We recently discussed how large-cap value ETFs were gaining traction with advisors, but what they owned was not the same. This is just as notable with small-caps. During a webcast in mid-May with American Century, VettaFi asked advisors, “What is the overlap between the CRSP US Small Cap Value Index & the S&P 600 Small Cap Value Index?” The CRSP index is tracked by the (VBR ), while the (IJS ) seeks to replicate the S&P style benchmark. While the two ETFs sound the same, there’s shockingly just a 15% overlap in the two ETFs. Just under one in four advisor respondents answered correctly when given four choices, with nearly half selecting a 37% overlap.
What’s Inside Popular Small-Cap Value ETFs?
VBR is a $23 billion ETF that has nearly 850 holdings with a median $5.4 billion market capitalization. These include top-10 stakes in Atmos Energy, Builders FirstSource, Bunge, IDEX, and Reliance Steel & Aluminum. Likely aided by its low 0.07% expense ratio, the popular Vanguard ETF gathered approximately $200 million in assets despite losing 1.0% in value year-to-date as of May 19.
Meanwhile, IJS has $6.5 billion in assets spread across 455 positions that have a median market cap of $1.3 billion. None of VBR’s top-10 positions can be found in IJS. However, the iShares ETF has top-10 positions in companies such as Group 1 Automotive, Insight Enterprises, Meritage Homes, and Signet Jewelers. IJS has a 0.25% net expense ratio, higher than VBR’s, and yet it has been the stronger performer of the pair in 2023. IJS was down only 0.2% thus far at time of writing. In 2023, IJS has incurred approximately $100 million in net outflows.
From a sector perspective, IJS was more exposed to consumer discretionary stocks (19% vs. 15% for VBR) and information technology (8.8% vs. 5.7%). In contrast, IJS had a lower stake in financials (17% vs. 20%) and industrials (17% vs. 23%).
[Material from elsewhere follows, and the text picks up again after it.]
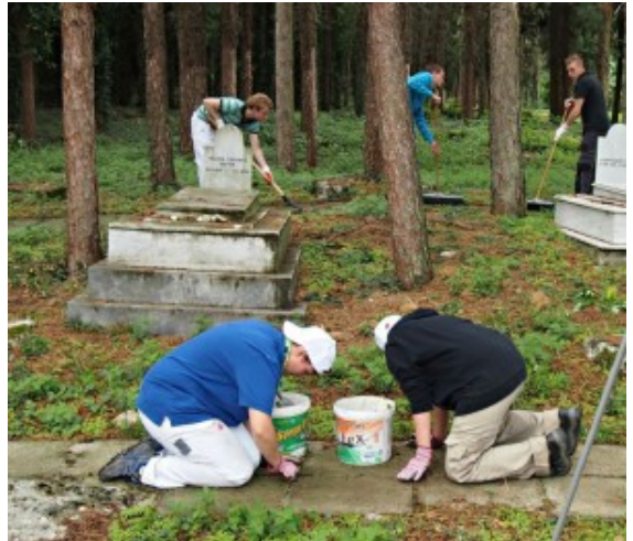
Arbeitseinsatz auf dem Jüdischen Friedhof in Griechenland.

Das Projekt „young workers for europe“ wird vom aktuellen forum nrw e.V. von 2012 bis 2014 durchgeführt. Das aktuelle forum mit Sitz in Gelsenkirchen ist nach dem Weiterbildungsgesetz des Landes NRW anerkannter Träger der demokratischen und politischen Erwachsenenbildung sowie anerkannter Träger der Jugendhilfe.

Small-Cap Value ETFs Perform Differently
The approximately 80 basis point gap between the two ETFs thus far in 2023 is nothing new. In 2022, VBR was the stronger performer, declining 9.3%, or less than 200 basis points more than VBR. However, in 2021, IJS rose 31%, approximately 250 basis points more than VBR. Going further back in time, these two ETFs demonstrate relative success.
While it is not always clear which small-cap value ETF will outperform each year, the gap between the funds has consistently been much wider than the 18 basis point expense ratio differential. With ETFs, it remains important for advisors to go beyond expense ratios and look inside.